Diamond mining is an obsessive pursuit for quality that drives companies to literally move mountains. To be exact, up to 1750 tonnes of earth for every one carat of gem quality diamond.
The analogy is particularly relevant in the context of our obsession with big data.
In our pursuit for the perfect correlation, we’ve become obsessed with collecting as much data as possible, fulfilling the “big” in big data but at the same time loosing perspective on how best to retrieve that one-carat of flawless data that validates the investment.
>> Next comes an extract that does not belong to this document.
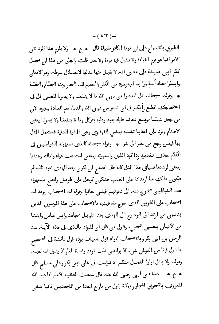 الطبري بالإجماع على أن توبة الكافر مقبولة قال ع ولا يلزم هذا الرد لأن الأمر إنما هو يوم القيامة ولا تقبل فيه توبة ولا عمل قلت وأجلي من هذا أن يحمل كلام أبي عبيدة على معنى أنه لا يقبل منها عدلها لاختلال شرطه وهو الإيمان وابسلوا معناه اسلموا بما اجترحوه من الكفر والحميم الماء الحار ومنه الحمام والحمة وقوله سبحانه قل اندعوا من دون الله ما لا ينفعنا ولا يضرنا المعنى قل في احتجاجك انطيع رأيكم في أن ندعو من دون الله والدعاء يعم العبادة وغيرها لأن من جعل شيئا موضع دعائه فإياه يعبد وعليه يتوكل وما لا ينفعنا ولا يضرنا يعني الأصنام ونرد على اعقابنا تشبيه بمشي القهقري وهي المشية الدنية فاستعمل المثل بها فيمن رجع من خير إلى شر وقوله سبحانه كالذي استهوته الشياطين في الكلام حذف تقديره ردا كرد الذي واستهوته بمعنى استدعت هواه وأمالته وهدانا بمعنى أرشدنا فسياق هذا المثل كأنه قال أيصلح ان نكون بعد الهدى نعبد الأصنام فيكون ذلك منا ارتدادا على العقب فنكون كرجل على طريق واضح فاستهوته عنه الشياطين فخرج عنه إلى دعوتهم فبقي حائرا وقوله له أصحاب يريد له أصحاب على الطريق الذي خرج منه فيشبه بالأصحاب على هذا المؤمنون الذين يدعون من ارتد إلى الرجوع إلى الهدى وهذا تأويل مجاهد وابن عباس وايتنا من الإتيان بمعنى المجيء وقول من قال إن المراد بالذي في هذه الآية عبد الرحمن بن أبي بكر وبالأصحاب أبواه قول ضعيف يرده قول عائشة في الصحيح ما نزل فينا من القرآن شيء إلا براءتي قلت تريد وقصة الغار إذ يقول لصاحبه وقوله ولا يأتل اولوا الفضل منكم إذ نزلت في شأن ابي بكر وشأن مسطح قال ع حدثني أبي رضي الله عنه قال سمعت الفقيه الإمام ابا عبد الله المعروف بالنحوي المجاور بمكة يقول من نازع أحدا من الملحدين فإنما ينبغي

This is not an argument against more data, on the contrary; a business needs to strip mine huge swaths of real estate to find a data gem. Rather, this is a reminder that big data can be flawed, irrelevant and even un-interpretable, requiring both computing power and human intuition to identify the correlations that underpin the project’s value.

The model above illustrates that big data is actually a function of data with various degrees of quality and utility. Found within all this ‘noise’ is a much smaller “information” section, and within that, relevant information containing pertinent insights. It’s a fraction of a fraction.
The sheer volume of data originates from five broad categories: stated, behavioral, social, psychological and genetic. There are implicit and explicit types in several categories to be sure, but broadly speaking, big data should be attempting to harness each source to make the necessary correlations or predictors. If not, the ‘mining’ process falls short and is caught in a race against time to exploit the insights before their relevancy diminishes.

This is why grading data, and subsequent insights, is central to the big data story.
A high grade data ‘diamond’ will draw in high quality anchors from stated data (explicit) like CRM data (demo, postcode, income strata), social (explicit), and potentially psychological (character traits, mindset) and genetic indicators. By comparison, lower grade correlations will be dominated by behavioral data and implicit signals for stated and social data like search terms and sentiment.
With this in mind, and in the context of RTB in Australia right now, what’s the perception of data quality applied to the bidding process? You’d probably rate it low to medium grade, with 80 percent of the data at its most effective within 48 hours of its time-stamp.
Time to dig a little deeper, and a little smarter.